Jan 9 (Reuters) - European shares rose on Monday, extending the year's upbeat start to a second week, as China reopened its borders overnight and U.S. and European data soothed nerves about aggressive tightening by major global central banks.

The pan-European STOXX 600 gained 0.5% by 0923 GMT.

The index clocked its best weekly performance in over nine months on Friday after a clutch of positive data – including strong euro zone factory activity and a drop in the region's headline inflation – indicated a milder-than-expected recession and easing price pressures.

That, along with data showing a tight U.S. labour market, calmed fears that the U.S. Federal Reserve and the European Central Bank would continue with their aggressive monetary policy tightening.

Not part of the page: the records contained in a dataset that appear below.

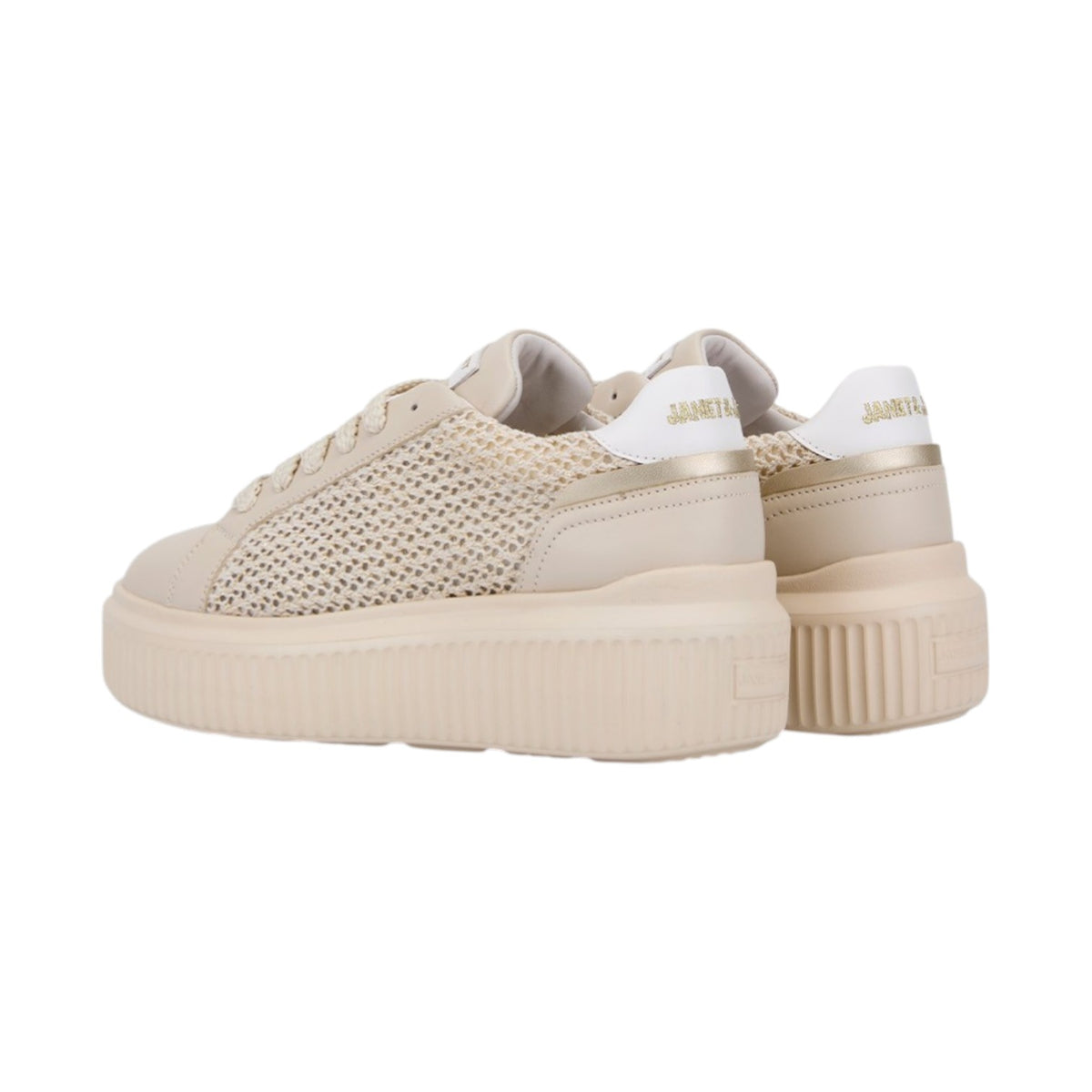 Janet&Janet Sneakers Donna Platform in Pelle e Tessuto Traforato Beige Bianco
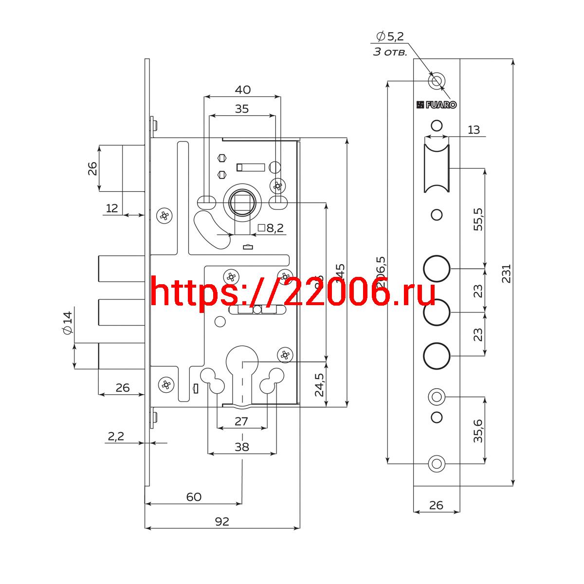 - Корпус Fuaro (Фуаро) врезного замка c защёлкой MDV811/C-60.85.3R14 в Туринске недорого
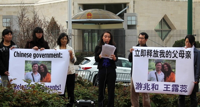 四月三十日傍晚,这位生活在美国首都华盛顿的二十三岁女孩游天黛来到中国驻美国大使馆前,要求中共释放在北京家中被绑架的父母。游天黛的父亲游兆和是中国政法大学人文学院哲学系教授,母亲王露蕤曾是北京天坛医院老干部处的干部。原本体弱多病的王露蕤在修炼法轮功后,所有的疾病都不翼而飞。

Rate-sensitive tech stocks rose 1.1%.

Industrial production in Europe's largest economy, Germany, rose slightly more than expected in November, adding to the optimism and lifting Germany's DAX 0.3% higher.

It plays into the rhetoric that's been going on over the past week, which seems to suggest that maybe the recession in Europe is not going to be as deep and long-lasting as might have initially been thought, said Danni Hewson, financial analyst at AJ Bell.

"At a time when everyone has been really focused on the cost-of-living crisis, the engine underneath all of that noise seems to have actually been picking up quite nicely in a way that a lot of people feared it wouldn't."

Industrials rose 0.7%, boosting the regional STOXX 600 index.

Investors now await the euro zone's unemployment data for November at 1000 GMT for further cues on the strength of the labour market.

Travellers streamed into China by air, land and sea on Sunday, as Beijing opened borders that have been all but shut since the start of the COVID-19 pandemic.

Miners added 1.8% as base metal prices advanced on hopes of demand recovery from top consumer China, while oil stocks gained 1.0% on firm crude prices.

China-exposed financials, such as insurer Prudential rose 2.0%.

UK's commodity-heavy FTSE 100 added 0.2% to hit its highest level since 2019.

Investors were nervous following a media report that the British government plans to scale back energy subsidies for businesses, said Hewson.

Among individual movers, AstraZeneca slipped 0.9% as it struck a deal to buy U.S.-based biopharmaceutical firm CinCor Pharma Inc for up to $1.8 billion to strengthen its pipeline of heart and kidney drugs and grow beyond its mainstay cancer business.

London-listed video game companies Devolver Digital and Frontier Developments dropped 9.4% and 40.1%, respectively, after disappointing trading updates.